Один короткий разговор, и Алина уже улыбается. Она довольна дочерью, а главное — довольна собой. За полгода ей почти удалось наверстать упущенное в их отношениях. Пришлось сократить количество командировок и тщательно следить за своим расписанием: два дня в неделю должны были принадлежать ребенку. Алина справлялась. Иногда приходилось откладывать важную встречу, другой раз — отказываться от заманчивого предложения длительных выездных съемок. Но это Алину не огорчало, она не боялась выпасть из обоймы. В конце концов, отсутствие в личной коллекции собственноручно сделанных снимков Мачу Пикчу или Храма Изумрудного Будды пережить намного проще, чем равнодушие собственного ребенка. Алина знает: обрести гораздо сложнее, чем потерять, и в иерархии ее приобретений любовь дочери сегодня занимает прочное первое место, а возможное сокращение славы и гонораров ничуть не смущает.
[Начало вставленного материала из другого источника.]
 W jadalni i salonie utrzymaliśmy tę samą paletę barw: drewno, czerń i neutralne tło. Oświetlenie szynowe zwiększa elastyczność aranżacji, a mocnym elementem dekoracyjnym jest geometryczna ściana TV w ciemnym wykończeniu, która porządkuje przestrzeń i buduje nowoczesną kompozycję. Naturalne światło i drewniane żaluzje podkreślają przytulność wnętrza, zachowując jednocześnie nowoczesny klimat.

Алина уверена: богатство, которым она сейчас обладает, затмит своей ценностью любые материальные блага.
Разговор с Натали помогает Алине забыть обо всех переживаниях. Она расслаблена, успокоена и готова снимать. Она делает несколько снимков Талгарского перевала, разворачивает штатив к Школьнику[23], спрашивает у корреспондента:
— Вадик, тебе только красоту? Или народ тоже пощелкать?
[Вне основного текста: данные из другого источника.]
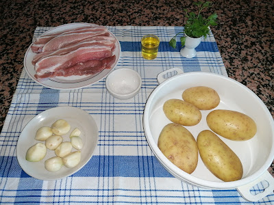 Las patatas mejor que queden algo duras porque así cortarán mejor después y se terminarán de hacer en el horno.
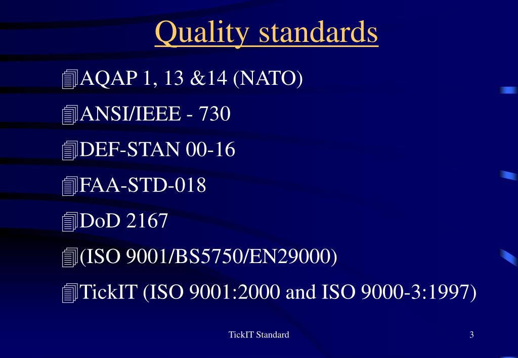 Quality standards • AQAP 1, 13 &14 (NATO) • ANSI/IEEE - 730 • DEF-STAN 00-16 • FAA-STD-018 • DoD 2167 • (ISO 9001/BS5750/EN29000) • TickIT (ISO 9001:2000 and ISO 9000-3:1997) TickIT Standard
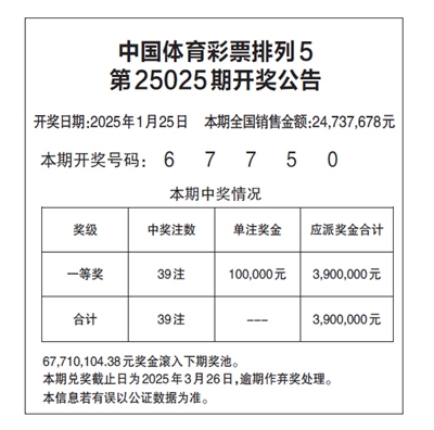 中国体育彩票排列5 第25025期开奖公告
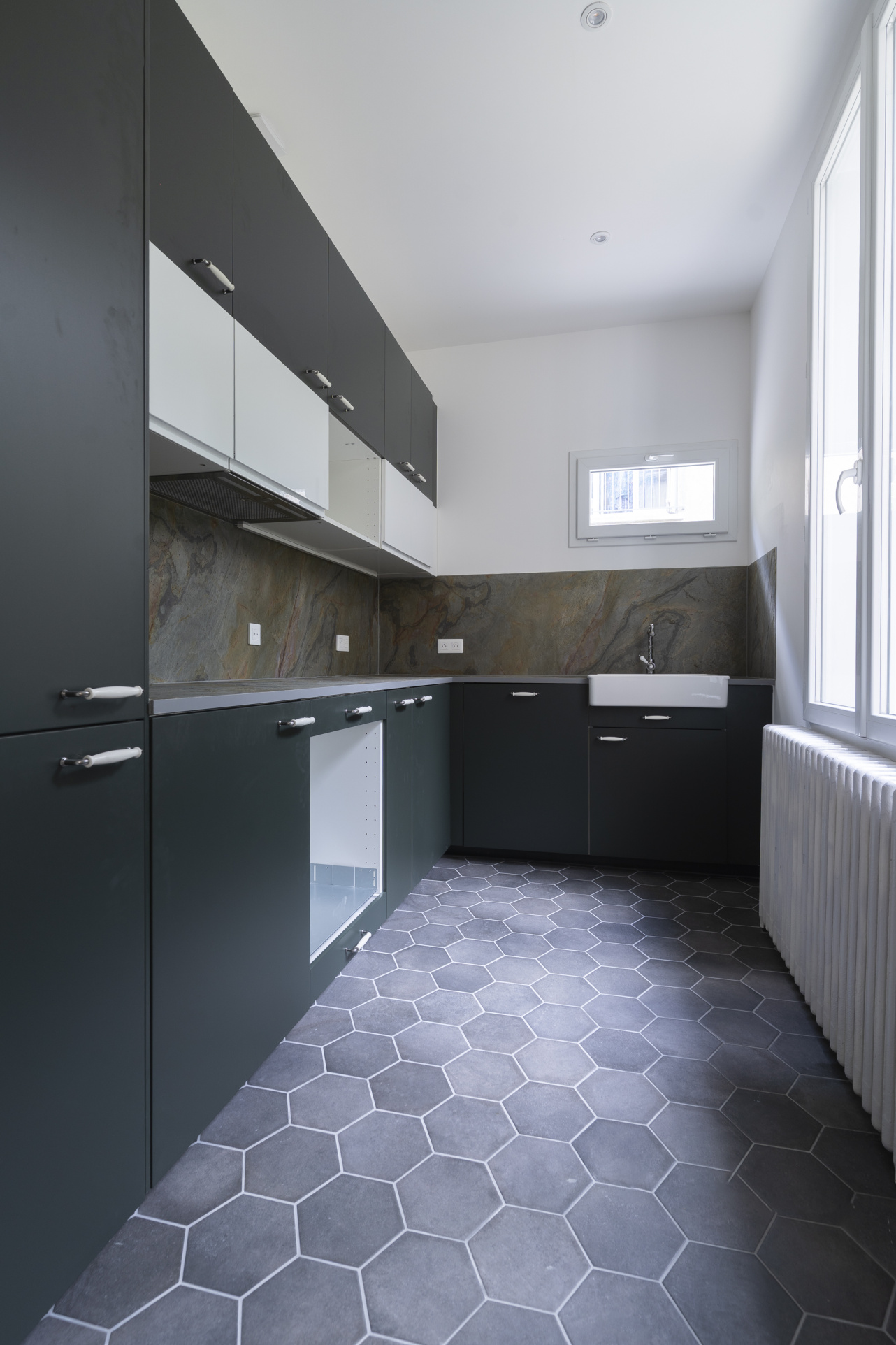 Dans un style épuré mais toujours soigné, la salle à manger mène à une cuisine raffinée, équipée d'un sol en tomettes grises, d'un mobilier de qualité, d'un plan de travail en feuille de pierre naturelle veinée et d'une vasque en porcelaine.
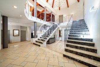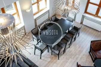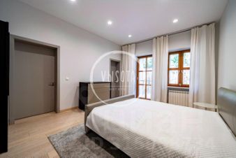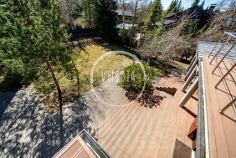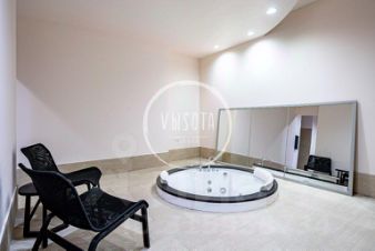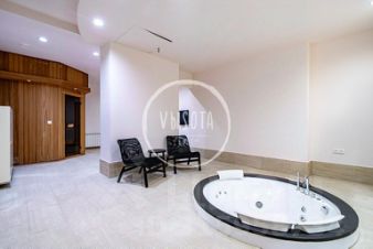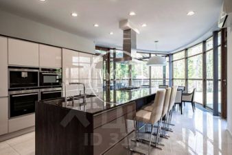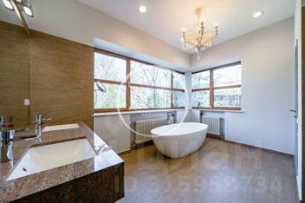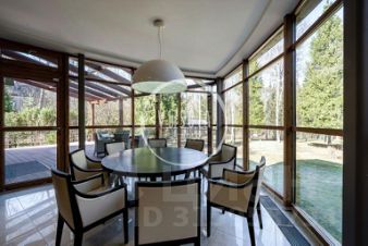 В доме 4 спальни со своими санузлами, зона спа с сауной и джакузи, летние веранды, гараж на 2 машины, квартира для персонала. Дом построен из кирпича с утеплителем. К элементам отделки относятся: массивная доска, итальянская плитка, немецкая кухня, техника Siemens, сан. техника Duravit, Hansgrohe и Jacuzzi, мраморные лестница и подоконники, подогрев полов, приточно-вытяжная вентиляция. В доме установлены современная дизайнерская мебель и освещение. Есть оптико-волоконный скоростной интернет и спутниковое телевидение.
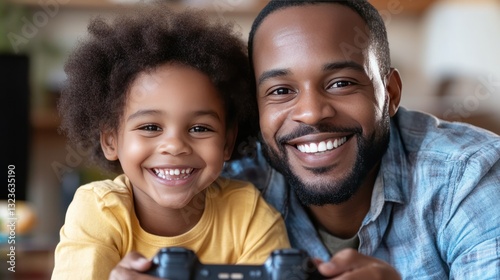 A father and child playing video games together, surrounded by snacks and laughter on Father’s Day

— Не надо. Ограничимся природой.
— Зря. Классная статья получилась бы, а лучше даже фильм сделать. И название какое-нибудь залихватское. Что-то типа «Цены — европейские, сервис — африканский». Как тебе? — Алина смотрит в объектив, наводит резкость. «Да, „лучше гор могут быть только горы“».
— Идея хорошая.
— Да замечательная идея. Просто великолепная. Еще одна свежая история о том, как выгнать туристов из бывших союзных республик. «Курорт! Курорт!» Что за курорт такой, где расселить при большом желании могут человек двести максимум? Хотя много ли желающих наберется стоять в очередях на не всегда работающий подъемник, скупать у контролеров «серые» билеты, чтобы пройти через отключенный турникет, и замерзать на креслах канатки, над которыми «забыли» установить защищающие от ветра колпаки.
— Я слышал, Чимбулак ждет грандиозная реконструкция. Тут вроде в 2011-м зимние Азиатские игры будут проводить.
— О-о-о, тогда тем более надо все это снимать. Сейчас снимешь, как было, потом — как стало. Напишешь хвалебную оду, пустишь в эфир, и тебе дадут орден.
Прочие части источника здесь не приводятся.